After earning his bachelor’s degree in statistics from Williams College, Vo chose to pursue his Ph.D. at Carolina because of the sociology department’s offerings in political sociology and social movements and what he described as the “friendly, collaborative” students, faculty and staff. 

This past year, his dissertation research led him to France to study “indigenous responses to French colonialism” in Indochina and French West Africa, he explained. 

Through his work, he said, he is “trying to understand how indigenous institutions mobilized power and shaped trajectories towards national independence.” 

Although he misses Chapel Hill — especially tennis at the Outdoor Education Center, karaoke with his roommate, Mekhala, and hiking, biking and kayaking around the Triangle — Vo is grateful for his department’s help in making the transition to researching abroad an easy one. 

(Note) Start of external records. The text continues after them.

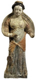 女子露乳,肩披帔帛,身穿长裙,腰部红巾
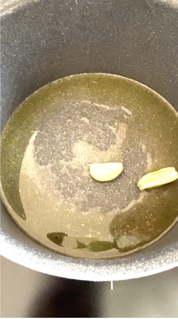 En un cazo, vierte el aceite de oliva virgen extra (AOVE) y caliéntalo a fuego medio. Cuando esté caliente, añade el diente de ajo pelado y dóralo cuidando que no se queme.
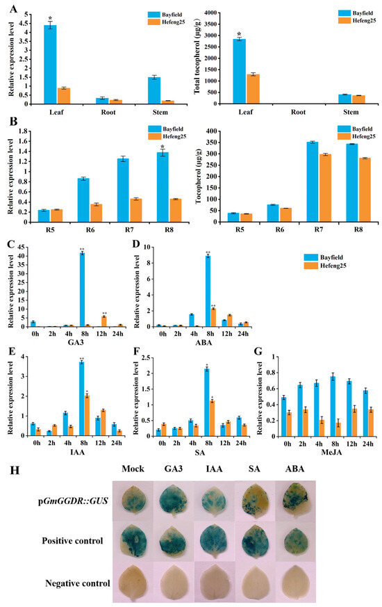 Expression pattern analysis of GmGGDR. (A) Tissue-specific expression and total tocopherol content of GmGGDR; (B) dynamic expression pattern analysis and total tocopherol content of GmGGDR; (C–G) induced expression patterns of GmGGDR under treatments with GA3, ABA, IAA, SA, and MeJA, respectively; ** and * indicate significant differences at the p < 0.01 and p < 0.05 levels, respectively; (H) transient expression analysis of transgenic tobacco leaves with the GmGGDR promoter.
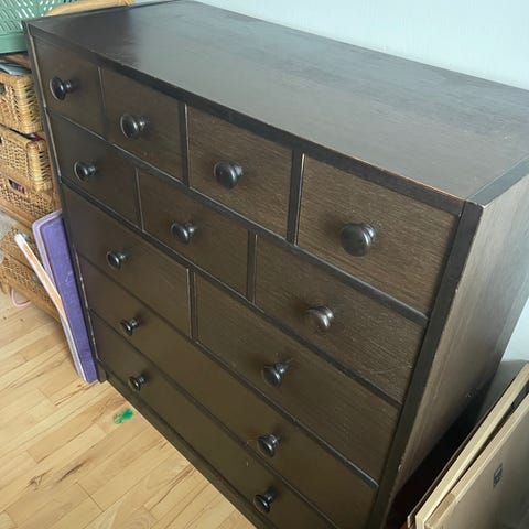 Kommode i brun massiv træ med udskæringer og drejede ben
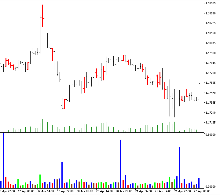 MFI = (High − Low) / Volume. Compared with previous bar.
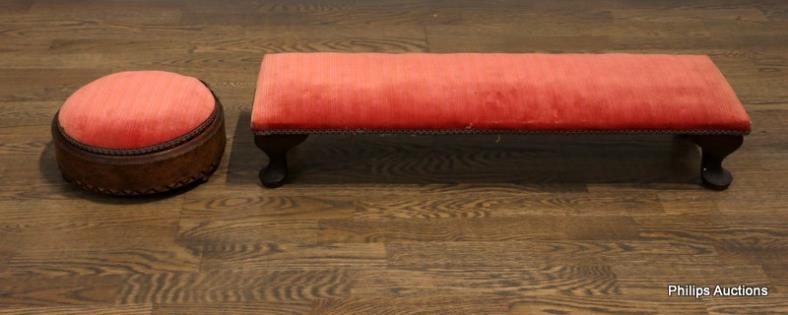early 20th century Comprising a round footstool with a chevron patterned inlaid border on brass ball feet, and a long footstool on carved short feet, both upholstered in pale red velvet. Height: 15cm Length: 78cm Width: 25cm and smaller
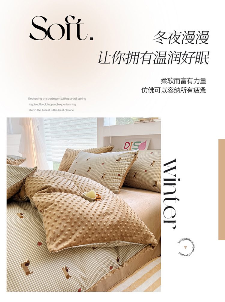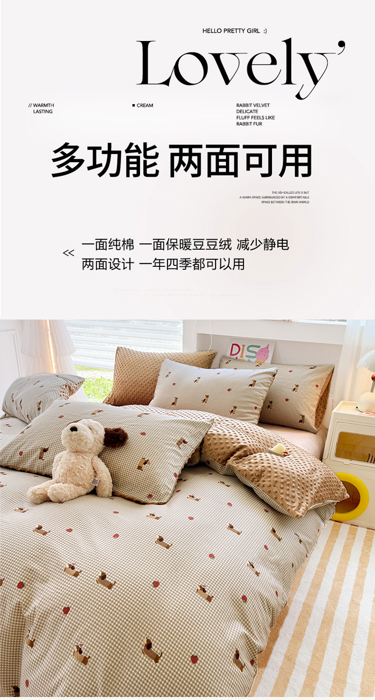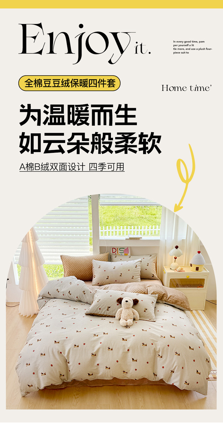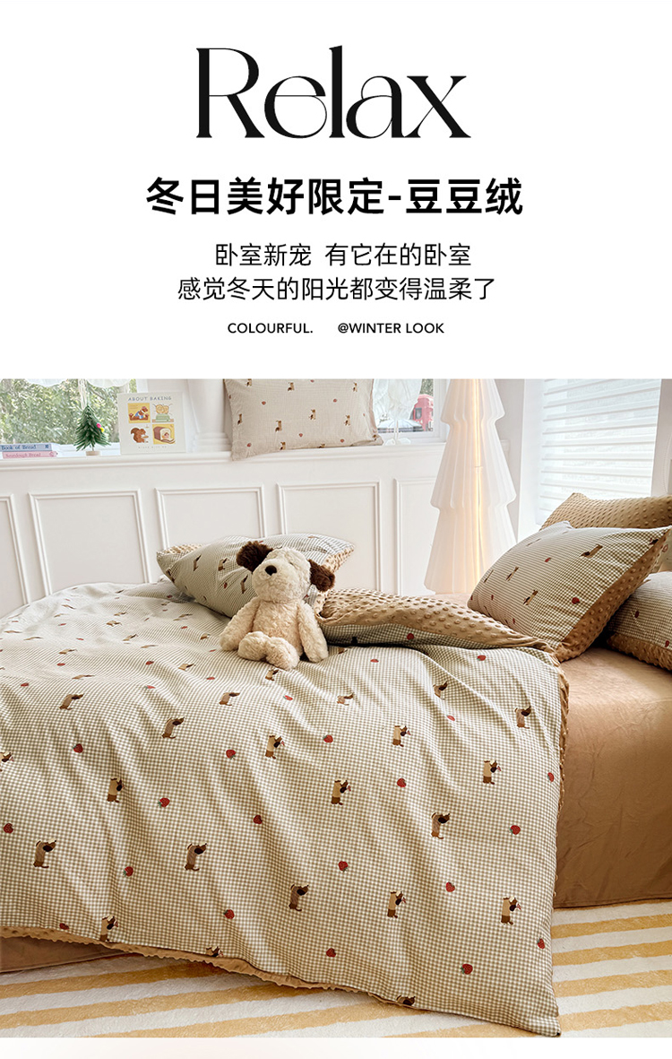 当前位置: 91家纺网 > 商品网购 > 床品套件 > 四件套 > 全棉普通四件套 > 丫丫家纺 2025学生季全棉高克重豆豆绒三四件套加厚保暖婴儿绒牛奶绒单被套单人双人被套加大号棉加绒三四件套 追梦腊肠
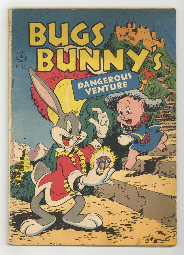 Indicia title is "BUG'S BUNNY'S DANGEROUS VENTURE, No. 123". Cover art by Tom McKimson. Bugs Bunny's Dangerous Venture, art by Tom McKimson; Bugs, Porky, and Beaky start their own messenger service; A mysterious stranger wants them to deliver a package to Omi-Akin-Bak at the Ritzmore Hotel; Bugs and Porky take the package to the hotel, only to find that Omi-Akin-Bak has checked out and returned to his home in Shangreet-Lo in the Forbidden Mountains of Tibet; Using Beaky's money, Bugs and Porky set out to deliver the package to Shangreet-Lo. Experiment 74-X, art by Carl Buettner; Bugs and Elmer are captured by deranged Prof. Lizer and his henchman Grubney after they see the professor use a strange machine to enlarge plants to giant-size; The Professor then uses a different machine to shrink Bugs and Elmer to ant-size. 52 pages, full color. Cover price $0.10.
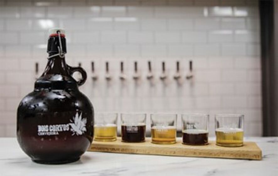 Em permanência estão à venda, todos os dias, 12 tipos de cerveja (um luxo), sendo que, no tal bar, podemos, se tivermos dúvidas, mandar vir um kit mimoso de amostras que dão para duas pessoas perceberem quais as cervejas que gostam mais. Agora, o que é curioso na Dois Corvos é o conceito de venda a "garrafão". Enfim, não é bem um garrafão, mas um vasilhame de vidro de 1 e de 2 litros. Um tipo compra uma destas grandes e bonitas garrafas e abastece-se da cerveja que mais lhe agrada e vai para casa apreciá-la com os amigos. Da próxima vez, traz o "garrafão" e leva outro perfil de cerveja. Bem pensado.
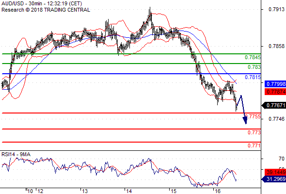 จุดที่ต้องการ: สถานะขายต่ำกว่า 0.7815 เป้าหมายต่อไปที่ 0.7755 และ 0.7730
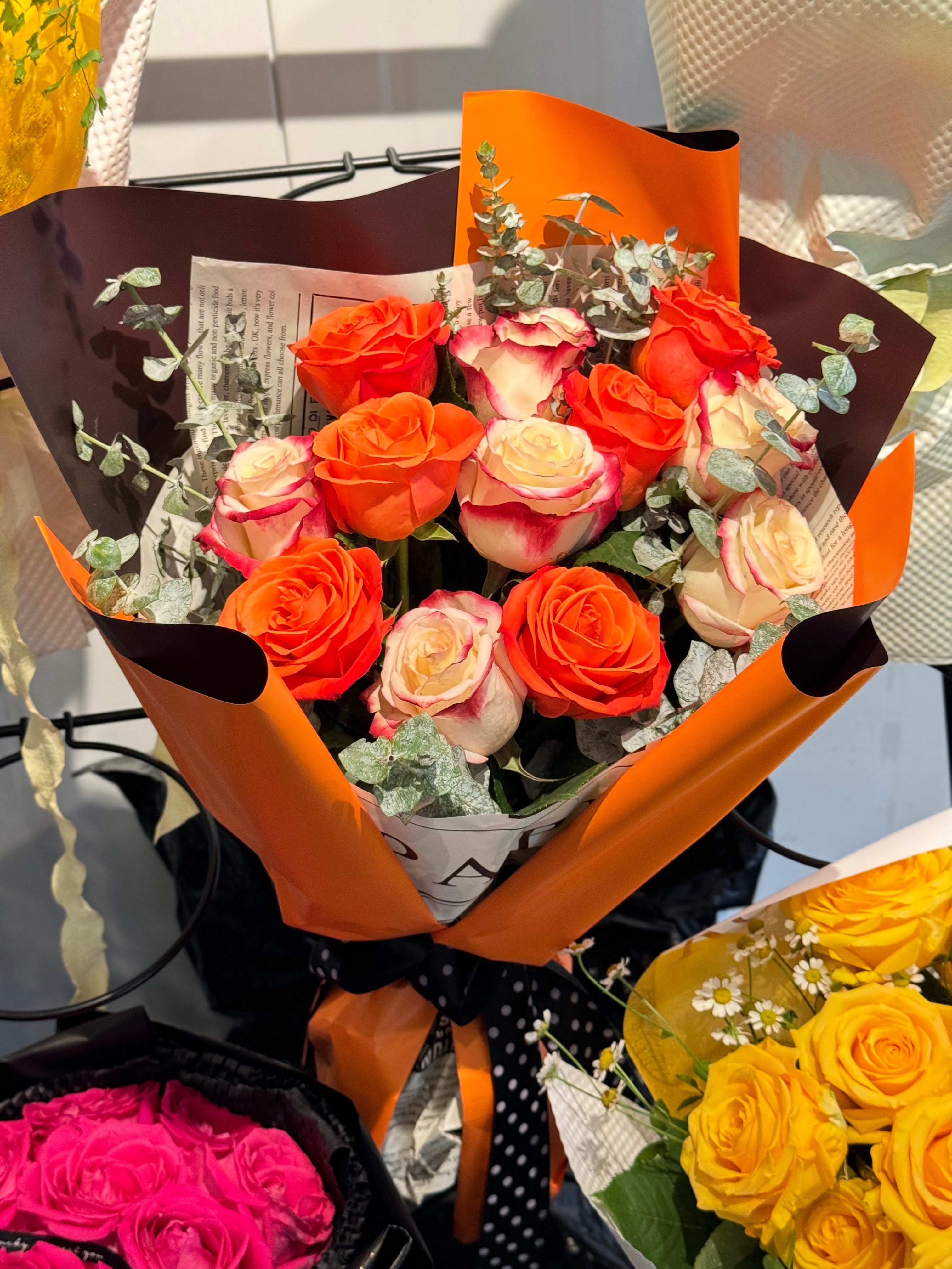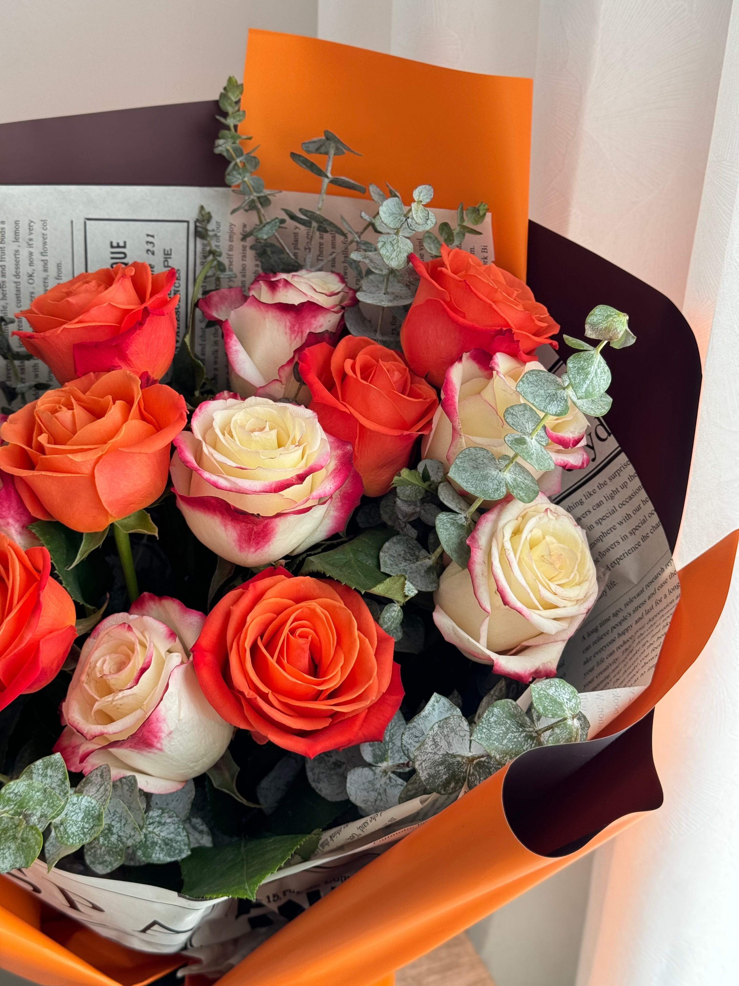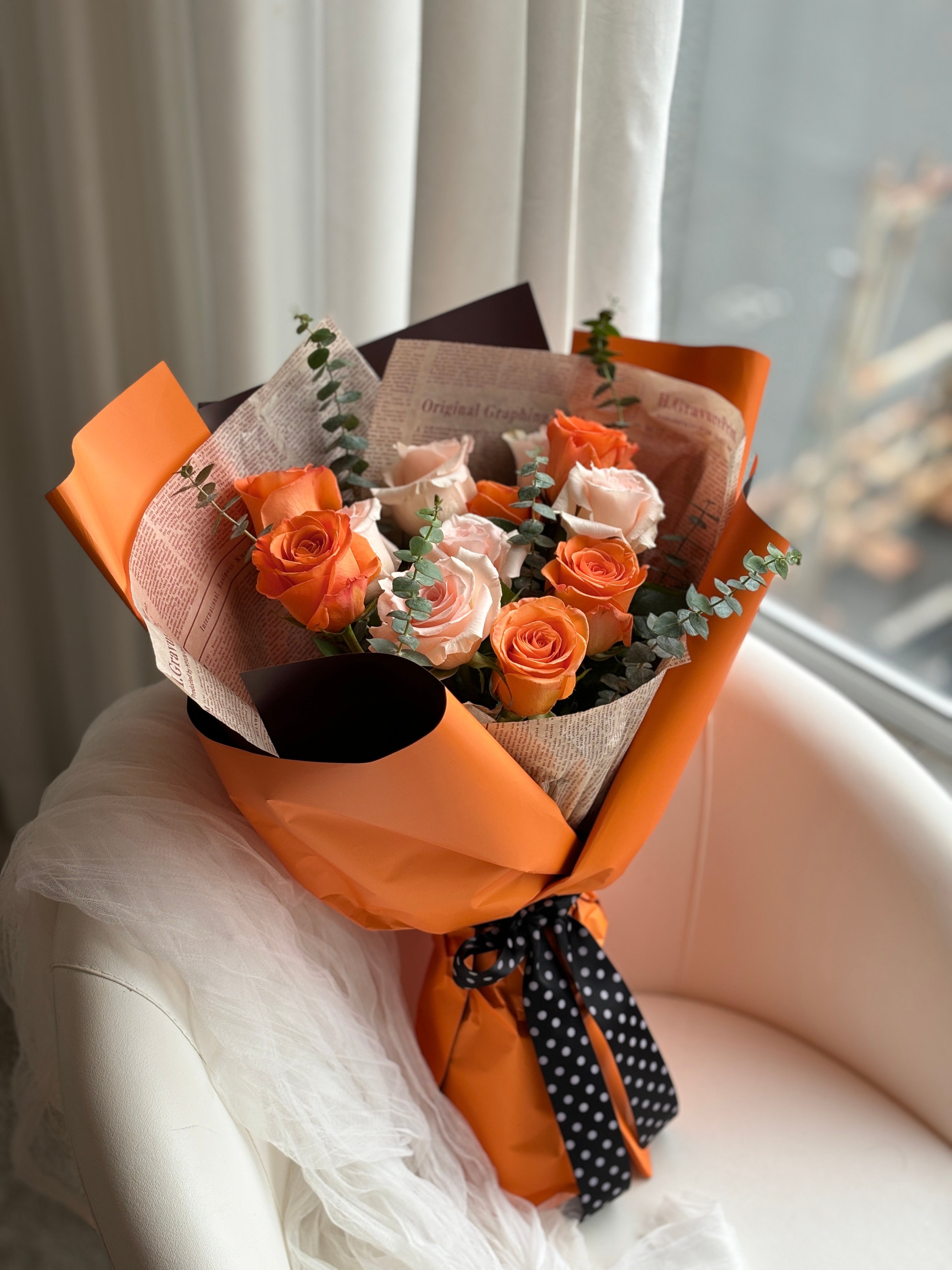 花材:12枝双拼蜜桃、甜橙玫瑰,尤加利叶

“I felt incredibly supported by my UNC networks from afar while making the time and space to take full advantage of the change of scenery in Paris and France,” he said. 

In his free time, he biked around Paris, which he described as “like playing real-world Mario Kart.” 

This year, Vo will conduct archival research in Vietnam and Senegal through sources written predominantly in French and Vietnamese. He said that he is personally “motivated by this research as a dual French American of Vietnamese origin.” 

After he graduates, Vo plans to continue his career in research and academia and to further explore what connects us all through the lens of sociology. 

“We are interconnected with those very distant from us, throughout history and amidst present-day global linkages,” Vo said. “I never could have imagined that being a Tar Heel would allow me to pursue my dream of living in Asia, Africa and Europe.